YOUR TASK
Among the lines below, restate word for word only those from the line with "PORQUIER-BEAU : Bouquetière" through the line with "lichtgrijs doorzichtig design", with both end lines kept.

RECORDS TO PROCESS
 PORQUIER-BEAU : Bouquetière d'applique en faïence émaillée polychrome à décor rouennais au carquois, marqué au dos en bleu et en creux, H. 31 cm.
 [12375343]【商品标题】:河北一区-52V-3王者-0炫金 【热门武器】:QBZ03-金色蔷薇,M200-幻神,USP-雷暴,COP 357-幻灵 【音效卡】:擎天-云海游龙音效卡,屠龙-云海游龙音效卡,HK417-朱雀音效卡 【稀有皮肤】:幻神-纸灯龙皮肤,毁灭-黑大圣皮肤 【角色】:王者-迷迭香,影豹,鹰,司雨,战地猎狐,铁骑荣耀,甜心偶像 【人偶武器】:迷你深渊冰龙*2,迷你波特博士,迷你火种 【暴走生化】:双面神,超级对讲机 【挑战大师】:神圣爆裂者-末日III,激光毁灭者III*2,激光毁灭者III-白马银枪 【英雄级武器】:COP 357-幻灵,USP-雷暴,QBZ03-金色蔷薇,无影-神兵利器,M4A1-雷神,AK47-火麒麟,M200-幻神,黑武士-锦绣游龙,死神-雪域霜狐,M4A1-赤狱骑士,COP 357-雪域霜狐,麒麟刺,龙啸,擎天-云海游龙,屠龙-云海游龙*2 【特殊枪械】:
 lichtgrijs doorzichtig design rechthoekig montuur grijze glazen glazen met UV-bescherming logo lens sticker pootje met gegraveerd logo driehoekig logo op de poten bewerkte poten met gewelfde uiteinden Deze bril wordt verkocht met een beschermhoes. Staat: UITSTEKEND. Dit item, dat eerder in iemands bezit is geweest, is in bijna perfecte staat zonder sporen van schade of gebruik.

==

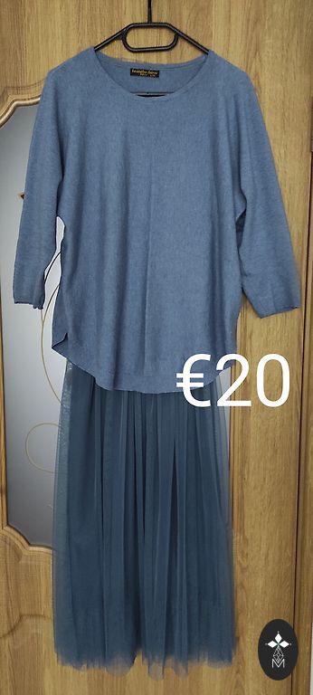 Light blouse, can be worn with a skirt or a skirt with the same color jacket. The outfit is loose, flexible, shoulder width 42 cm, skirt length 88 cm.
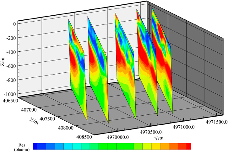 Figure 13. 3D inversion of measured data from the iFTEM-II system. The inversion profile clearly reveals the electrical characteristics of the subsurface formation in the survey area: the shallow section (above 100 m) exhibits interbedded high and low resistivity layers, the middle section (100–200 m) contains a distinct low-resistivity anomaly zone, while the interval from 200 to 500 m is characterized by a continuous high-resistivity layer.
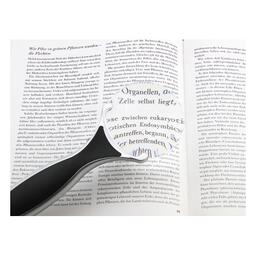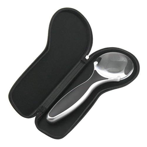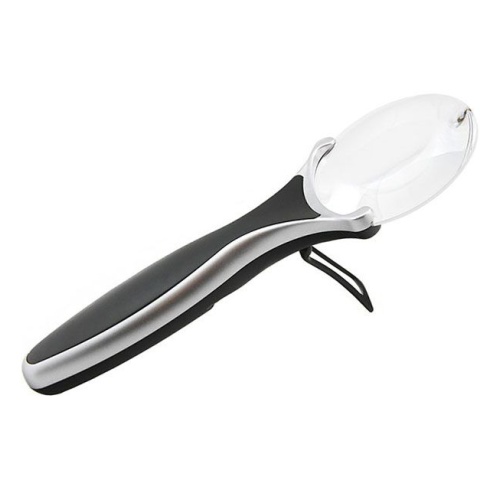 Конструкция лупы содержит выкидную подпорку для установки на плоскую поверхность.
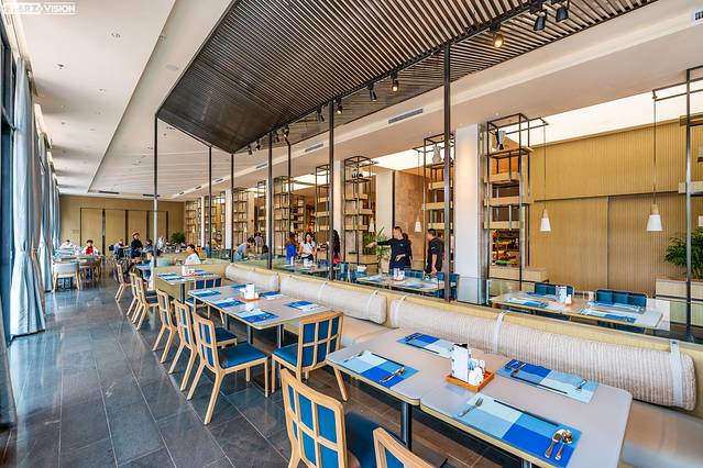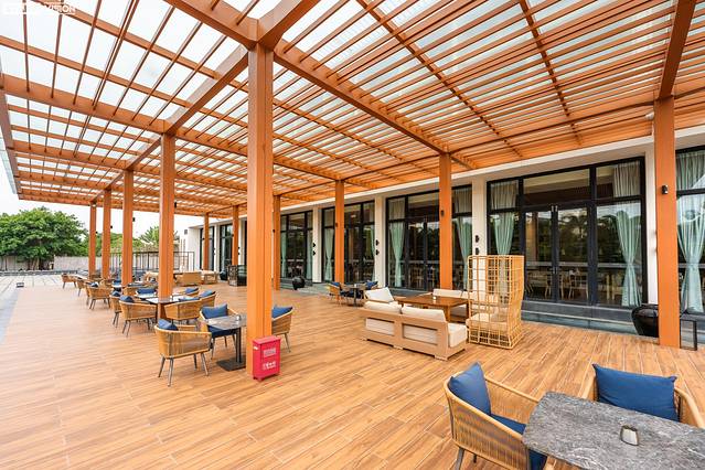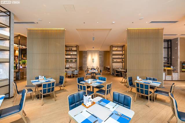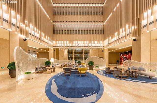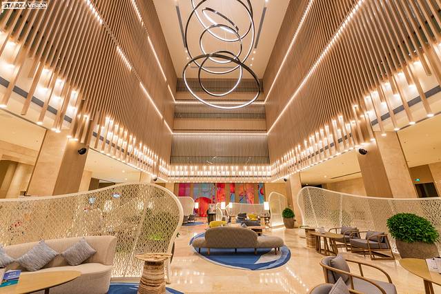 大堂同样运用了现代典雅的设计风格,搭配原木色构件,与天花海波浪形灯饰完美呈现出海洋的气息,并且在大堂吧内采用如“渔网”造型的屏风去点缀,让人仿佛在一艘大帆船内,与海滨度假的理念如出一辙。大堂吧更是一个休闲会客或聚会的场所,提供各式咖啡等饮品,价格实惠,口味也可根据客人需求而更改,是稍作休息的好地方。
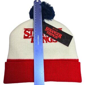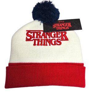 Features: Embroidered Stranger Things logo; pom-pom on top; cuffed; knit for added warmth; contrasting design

SOLUTION TO THE EXERCISE
 PORQUIER-BEAU : Bouquetière d'applique en faïence émaillée polychrome à décor rouennais au carquois, marqué au dos en bleu et en creux, H. 31 cm.
 [12375343]【商品标题】:河北一区-52V-3王者-0炫金 【热门武器】:QBZ03-金色蔷薇,M200-幻神,USP-雷暴,COP 357-幻灵 【音效卡】:擎天-云海游龙音效卡,屠龙-云海游龙音效卡,HK417-朱雀音效卡 【稀有皮肤】:幻神-纸灯龙皮肤,毁灭-黑大圣皮肤 【角色】:王者-迷迭香,影豹,鹰,司雨,战地猎狐,铁骑荣耀,甜心偶像 【人偶武器】:迷你深渊冰龙*2,迷你波特博士,迷你火种 【暴走生化】:双面神,超级对讲机 【挑战大师】:神圣爆裂者-末日III,激光毁灭者III*2,激光毁灭者III-白马银枪 【英雄级武器】:COP 357-幻灵,USP-雷暴,QBZ03-金色蔷薇,无影-神兵利器,M4A1-雷神,AK47-火麒麟,M200-幻神,黑武士-锦绣游龙,死神-雪域霜狐,M4A1-赤狱骑士,COP 357-雪域霜狐,麒麟刺,龙啸,擎天-云海游龙,屠龙-云海游龙*2 【特殊枪械】:
 lichtgrijs doorzichtig design rechthoekig montuur grijze glazen glazen met UV-bescherming logo lens sticker pootje met gegraveerd logo driehoekig logo op de poten bewerkte poten met gewelfde uiteinden Deze bril wordt verkocht met een beschermhoes. Staat: UITSTEKEND. Dit item, dat eerder in iemands bezit is geweest, is in bijna perfecte staat zonder sporen van schade of gebruik.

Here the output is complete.